SYNTHÈSE DU DINER-DÉBAT AVEC BRUNO BERTHET
PRÉSIDENT DIRECTEUR GÉNÉRAL D'ARESIA

Lors de notre premier dîner-débat de 2025, nous avons eu le plaisir d’accueillir notre camarade Bruno Berthet, PDG d’Aresia, sur le thème de la consolidation des PME et ETI dans un contexte d'économie de guerre. La quarantaine de participants a ainsi pu apprécier l’expérience de terrain partagée par Bruno, qui confirmait et incarnait la thématique de la réindustrialisation de la France que nous avait présentée Alexandre Saubot lors d’un précédent diner-débat de la CAIA en octobre 2024.


Une montée en cadence progressive et continue de l’aéronautique civile

L'écosystème des PME et ETI n'a pas attendu le contexte d'économie de guerre pour se consolider. Ainsi, lorsque Bruno quitte fin 2011 la maîtrise d'ouvrage étatique (il a notamment été directeur du programme Mirage 2000 à la DGA) pour diriger l'entreprise familiale Rafaut (à l’époque moins de 90 employés et 20 M€ de chiffre d'affaires) en tant que Directeur Général, les sous-traitants d'Airbus Avions organisent déjà des rapprochements entre eux, poussés par la direction des achats du groupe en vue de pouvoir augmenter leurs cadences de production.

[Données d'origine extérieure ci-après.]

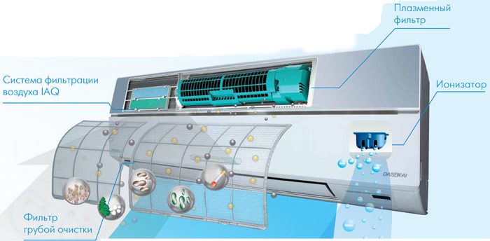 Caractéristiques supplémentaires du climatiseur Le climatiseur peut également fonctionner comme chauffage. Lorsque le réfrigérant s'évapore, il enlève de la chaleur (lorsqu'une personne avec une température élevée est frottée avec de l'alcool, l'alcool s'évapore et la température baisse). Inversement, une fois condensé, le réfrigérant dégage de la chaleur. En mode chauffage, de la condensation de réfrigérant se produit dans l'échangeur de chaleur de l'unité intérieure. Ainsi, à l'aide de l'électricité, la chaleur est transférée d'un milieu à un autre. Cependant, l'appareil transfère 3 fois plus d'énergie qu'il n'en consomme. Le principe de fonctionnement de l'appareil pour la chaleur Notez que le fonctionnement du climatiseur en tant que chauffage est économiquement rentable: en recevant 1 kW d'électricité, l'appareil apporte environ 3 kW de chaleur dans la pièce et ne permet pas à l'air de sécher. Il existe plusieurs règles simples pour utiliser l'appareil: La prophylaxie saisonnière, les diagnostics et l'entretien préventif devraient être obligatoires et continus. La productivité de l'appareil doit correspondre au volume de la pièce. Sur la télécommande de n'importe quel modèle de climatiseur, il y a cinq boutons principaux: Comment configurer l'appareil pour le refroidissement: En réglant la température optimale, le climatiseur ne peut pas être éteint la nuit. La température de refroidissement minimale du fabricant est programmée dans la région de 16 à 18 degrés de chaleur. Plus la température de la pièce est élevée, plus le débit de l'appareil sera chaud. Au démarrage, l'appareil refroidit moins, tout en accélérant - plus. Pour 1 kW dépensé, l'appareil produit jusqu'à 5 kW d'air réfrigéré. Comment configurer l'appareil pour le chauffage: L'appareil ne chauffera pas la pièce en hiver si la température à l'intérieur atteint la température indiquée sur la télécommande. Le climatiseur peut également fonctionner comme chauffage Ce processus simple a ses propres nuances. Le concept de "mise hors tension du climatiseur" comprend trois points: Pour déconnecter le climatiseur de la source d'alimentation, vous avez besoin de: Pour désactiver un appareil qui fonctionne, vous devez: Si vous devez déménager mais que les spécialistes ne veulent pas payer pour le démontage, essayez de le faire vous-même: Démontage de l'appareil Il existe une telle situation lorsque l'appareil doit être ramené aux paramètres d'usine.Il y a un bouton «Reset» sur la télécommande, il y a un petit trou près de cette inscription. En y plaçant un objet fin tel qu'une épingle ou une aiguille, vous pouvez réinitialiser tous les paramètres aux paramètres d'usine. Si la télécommande est actuellement indisponible ou ne dispose pas d'une telle fonction, vous pouvez simplement en retirer les piles pendant un certain temps. Une fois les piles mises en place et l'appareil allumé, tous les paramètres seront réinitialisés aux paramètres d'usine. La fonction «Reset» est l'une des fonctions supplémentaires de l'appareil, qui permet à l'appareil de reprendre le processus précédent après une pause dans le fonctionnement de l'alimentation. Tous les climatiseurs modernes ont un mode de déshumidification dans leur arsenal. Ce mode peut être utilisé dans des conditions d'humidité excessive de la pièce. Cela n'affecte pas la température de l'appartement dans un sens ou dans l'autre. Le circuit de refroidissement aide l'échangeur de chaleur de l'unité intérieure à atteindre la température la plus basse. Dans ce cas, le ventilateur tourne au minimum. Ainsi, la plus grande efficacité du processus de condensation se produit. L'appareil peut facilement éliminer de la zone qui lui est confiée en une heure jusqu'à 2 litres d'humidité, travaillant à la fois de manière autonome en mode drainage et en association avec le mode refroidissement. Ce mode a une efficacité maximale dans les pièces humides, ne donnant pas aux champignons et aux bactéries la moindre chance de reproduction et nuisant à la santé humaine. Mode de drainage dans le climatiseur Lorsque le mode «ventilation» est activé, l'air ne chauffe pas, ne se refroidit pas, il circule simplement uniformément dans la pièce, en étant simultanément nettoyé, avec des filtres. Le fonctionnement du compresseur et du ventilateur extérieur n'est pas nécessaire, seul le ventilateur de l'unité intérieure fonctionne. Grâce à ce mode, l'air dans toute la pièce atteint une uniformité complète. Cependant, l'air frais ne pénètre pas dans la pièce à moins que vous n'ouvriez pour la ventilation, par exemple, une fenêtre. Récemment, des systèmes de ventilation d'alimentation et d'évacuation sont apparus sur le marché des appareils électroménagers, qui peuvent fournir de l'air frais de l'extérieur et évacuer l'air d'échappement. Le générateur d'anions est situé sous le ventilateur de l'unité intérieure. Sa fonction est de générer des ions négatifs (anions) en raison de fortes décharges entre les électrodes du générateur à travers lesquelles l'air circule. Le nombre moyen d'anions produits varie de 20 000 pour 1 cm3 d'air. La composition de cet air est proche de celle de la forêt. En 2-3 minutes, l'ionisation résiste à l'odeur de la fumée de cigarette et en 2 heures, elle sauve la pièce des agents pathogènes. Les avantages de l'ionisation sont évidents: Conclusion: la fonction d'ionisation est une chose extrêmement utile. Ioniseur de climatiseur Dans les entrailles de l'unité intérieure, les flux d'air passent par plusieurs degrés de purification. Plus l'appareil est cher, plus il contient de filtres. Les filtres dans le climatiseur sont les suivants: Filtre à plasma - Comment ça marche Même si la poussière, les spores, les bactéries et les virus contenus dans l'air n'ont pas d'effets néfastes graves sur la santé humaine

En effet, il sortait en 2011 33 avions A320 par mois des chaînes de production et l'avionneur sollicitait sa supply chain pour faire les efforts permettant de monter à 40 A320 par mois en 2015. Si cela été effectivement un défi à l’époque, il faut noter qu’aujourd’hui la cadence de production des A320 visée pour 2027 est de 75 aéronefs par mois.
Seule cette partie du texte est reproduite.